This has been an extremely crazy week for the security community!
“The Heartbleed bug allows anyone on the Internet to read the memory of the systems protected by the vulnerable versions of the OpenSSL software. This compromises the secret keys used to identify the service providers and to encrypt the traffic, the names and passwords of the users and the actual content. This allows attackers to eavesdrop communications, steal data directly from the services and users and to impersonate services and users”

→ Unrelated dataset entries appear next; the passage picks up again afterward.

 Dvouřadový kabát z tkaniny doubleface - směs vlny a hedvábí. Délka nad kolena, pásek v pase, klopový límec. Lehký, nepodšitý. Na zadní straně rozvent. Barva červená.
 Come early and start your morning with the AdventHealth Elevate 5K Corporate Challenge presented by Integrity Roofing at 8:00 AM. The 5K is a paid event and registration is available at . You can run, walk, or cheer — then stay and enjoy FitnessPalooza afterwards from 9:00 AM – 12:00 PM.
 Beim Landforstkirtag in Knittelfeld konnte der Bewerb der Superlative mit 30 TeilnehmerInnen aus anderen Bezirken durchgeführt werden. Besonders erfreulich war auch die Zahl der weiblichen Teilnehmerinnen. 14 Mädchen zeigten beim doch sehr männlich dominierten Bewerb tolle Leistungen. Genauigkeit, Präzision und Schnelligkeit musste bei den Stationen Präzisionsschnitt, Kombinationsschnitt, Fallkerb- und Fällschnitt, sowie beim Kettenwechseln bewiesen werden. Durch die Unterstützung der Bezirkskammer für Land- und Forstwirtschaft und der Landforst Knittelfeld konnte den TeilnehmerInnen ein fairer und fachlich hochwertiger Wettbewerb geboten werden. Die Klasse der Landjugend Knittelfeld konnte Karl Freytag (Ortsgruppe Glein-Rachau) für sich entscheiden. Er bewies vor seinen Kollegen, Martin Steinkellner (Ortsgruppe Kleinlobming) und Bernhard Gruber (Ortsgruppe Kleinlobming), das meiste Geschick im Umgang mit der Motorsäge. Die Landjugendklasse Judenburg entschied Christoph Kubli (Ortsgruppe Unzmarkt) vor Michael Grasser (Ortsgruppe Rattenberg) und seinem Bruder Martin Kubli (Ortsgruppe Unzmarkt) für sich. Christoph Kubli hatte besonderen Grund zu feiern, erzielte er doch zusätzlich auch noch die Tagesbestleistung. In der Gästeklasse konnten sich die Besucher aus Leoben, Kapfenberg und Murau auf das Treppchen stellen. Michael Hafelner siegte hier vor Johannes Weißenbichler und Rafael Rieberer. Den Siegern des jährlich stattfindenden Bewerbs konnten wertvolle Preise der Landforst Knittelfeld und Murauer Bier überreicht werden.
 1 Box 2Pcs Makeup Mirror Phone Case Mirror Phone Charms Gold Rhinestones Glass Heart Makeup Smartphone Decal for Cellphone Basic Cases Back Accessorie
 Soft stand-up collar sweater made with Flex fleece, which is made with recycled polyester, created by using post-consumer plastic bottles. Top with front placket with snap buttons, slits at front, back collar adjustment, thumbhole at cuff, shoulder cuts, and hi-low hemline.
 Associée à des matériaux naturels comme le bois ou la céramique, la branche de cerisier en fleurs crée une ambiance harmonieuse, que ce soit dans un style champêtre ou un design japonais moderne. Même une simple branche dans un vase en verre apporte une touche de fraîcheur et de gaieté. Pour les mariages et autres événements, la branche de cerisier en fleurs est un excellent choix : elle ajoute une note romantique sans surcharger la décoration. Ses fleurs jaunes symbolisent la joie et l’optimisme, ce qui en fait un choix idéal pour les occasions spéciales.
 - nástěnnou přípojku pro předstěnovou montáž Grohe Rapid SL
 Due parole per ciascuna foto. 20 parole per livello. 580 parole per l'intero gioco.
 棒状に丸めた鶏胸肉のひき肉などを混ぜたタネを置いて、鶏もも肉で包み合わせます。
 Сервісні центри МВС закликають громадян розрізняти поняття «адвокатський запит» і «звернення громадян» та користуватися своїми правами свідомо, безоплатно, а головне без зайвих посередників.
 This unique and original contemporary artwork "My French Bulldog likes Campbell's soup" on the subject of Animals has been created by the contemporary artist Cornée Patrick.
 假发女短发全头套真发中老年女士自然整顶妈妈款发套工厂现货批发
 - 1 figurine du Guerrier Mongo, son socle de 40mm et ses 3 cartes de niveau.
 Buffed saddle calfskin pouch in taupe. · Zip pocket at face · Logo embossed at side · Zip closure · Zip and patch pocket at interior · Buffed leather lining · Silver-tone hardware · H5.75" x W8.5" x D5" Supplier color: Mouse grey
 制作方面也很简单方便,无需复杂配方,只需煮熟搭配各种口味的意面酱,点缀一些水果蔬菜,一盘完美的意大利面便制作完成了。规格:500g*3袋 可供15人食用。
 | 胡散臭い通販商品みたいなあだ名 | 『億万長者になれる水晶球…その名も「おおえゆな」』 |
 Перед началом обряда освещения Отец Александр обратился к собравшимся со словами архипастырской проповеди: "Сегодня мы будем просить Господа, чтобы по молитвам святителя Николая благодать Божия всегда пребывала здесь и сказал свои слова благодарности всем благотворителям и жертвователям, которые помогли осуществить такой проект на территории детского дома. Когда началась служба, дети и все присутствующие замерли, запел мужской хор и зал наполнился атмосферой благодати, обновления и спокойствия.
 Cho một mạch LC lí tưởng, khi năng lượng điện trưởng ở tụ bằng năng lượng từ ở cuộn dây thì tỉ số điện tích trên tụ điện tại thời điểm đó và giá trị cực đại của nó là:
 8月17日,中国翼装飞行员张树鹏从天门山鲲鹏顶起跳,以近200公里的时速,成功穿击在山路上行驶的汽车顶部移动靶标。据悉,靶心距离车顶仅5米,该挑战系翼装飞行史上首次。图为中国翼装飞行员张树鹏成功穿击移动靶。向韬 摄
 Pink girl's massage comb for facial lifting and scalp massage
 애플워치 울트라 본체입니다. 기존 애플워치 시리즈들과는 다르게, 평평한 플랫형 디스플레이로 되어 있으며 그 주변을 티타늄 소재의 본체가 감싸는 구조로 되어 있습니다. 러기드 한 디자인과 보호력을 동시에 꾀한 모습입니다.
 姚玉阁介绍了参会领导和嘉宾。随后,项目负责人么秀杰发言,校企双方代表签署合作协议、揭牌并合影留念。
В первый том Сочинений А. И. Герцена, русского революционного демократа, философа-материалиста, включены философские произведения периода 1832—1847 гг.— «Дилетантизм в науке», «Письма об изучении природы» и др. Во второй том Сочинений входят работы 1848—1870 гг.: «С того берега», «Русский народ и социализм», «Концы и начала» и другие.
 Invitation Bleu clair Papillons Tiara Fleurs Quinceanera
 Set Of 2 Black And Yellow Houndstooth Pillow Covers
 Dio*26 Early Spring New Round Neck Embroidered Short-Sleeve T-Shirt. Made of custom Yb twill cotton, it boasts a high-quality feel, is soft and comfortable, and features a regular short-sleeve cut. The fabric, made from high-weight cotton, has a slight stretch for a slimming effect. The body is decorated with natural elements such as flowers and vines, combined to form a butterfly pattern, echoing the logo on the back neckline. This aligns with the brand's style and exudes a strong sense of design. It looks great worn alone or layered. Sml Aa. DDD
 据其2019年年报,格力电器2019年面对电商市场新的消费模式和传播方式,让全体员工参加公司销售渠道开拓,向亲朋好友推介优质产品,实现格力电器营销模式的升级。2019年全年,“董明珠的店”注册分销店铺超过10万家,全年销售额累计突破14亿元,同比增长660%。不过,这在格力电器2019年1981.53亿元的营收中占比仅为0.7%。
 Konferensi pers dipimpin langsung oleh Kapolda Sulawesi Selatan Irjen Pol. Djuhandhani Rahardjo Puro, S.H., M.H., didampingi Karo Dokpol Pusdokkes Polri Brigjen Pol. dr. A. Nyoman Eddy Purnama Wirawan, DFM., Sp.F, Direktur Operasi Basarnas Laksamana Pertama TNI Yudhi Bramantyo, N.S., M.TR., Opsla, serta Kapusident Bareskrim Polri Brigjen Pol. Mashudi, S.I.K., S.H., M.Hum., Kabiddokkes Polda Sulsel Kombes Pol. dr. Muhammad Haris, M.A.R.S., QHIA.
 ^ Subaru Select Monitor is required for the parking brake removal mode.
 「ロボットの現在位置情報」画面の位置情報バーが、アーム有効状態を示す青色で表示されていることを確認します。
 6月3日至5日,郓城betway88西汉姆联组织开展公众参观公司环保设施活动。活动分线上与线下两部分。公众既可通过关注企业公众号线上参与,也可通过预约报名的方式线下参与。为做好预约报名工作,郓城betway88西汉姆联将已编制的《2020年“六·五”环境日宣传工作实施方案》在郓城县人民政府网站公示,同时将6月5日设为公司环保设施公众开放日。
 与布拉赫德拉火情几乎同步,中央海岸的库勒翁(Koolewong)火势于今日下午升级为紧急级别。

OpenSSL published an advisory name Heartbleed classified as CVE-2014-0160 which was discovered by Neel Mehta and Codenomicon. An estimate of 500k widely trusted websites were (some still are) impacted. Bruce Scheneier expressed his opinion as being a catastrophic bug. SANS has raised its INFOCON threat level to yellow and made 2 great webcasts briefings here and here. Plus it maintains a list of vendors and its respective patches. If you want to know how to find if your website or appliance is vulnerable Jared Stafford created a PoC named ssltest.py. Several sites are providing a way to test it including Qualys and a site created by Filippo Valsorda here. Brian Krebs and Ed Felten provide great overview on what to do to mitigate it. Sean Cassidy wrote great technical details here. Bitcoin core software was updated. Tomas Rzepka (@1njected) accomplished to retrieve the private keys from a FreeBSD 10 system. Mark Loman showed how Yahoo was affected. Matthew Sullivan showed how the leak data could be used to hijack web session and more examples here and here. A scanner was quickly incorporated into Metasploit. Many other resources here. Cloudfare made a challenge in case you want to try it out and get their private keys. Finally, you might want to consider changing your passwords in case you have an account in the following sites.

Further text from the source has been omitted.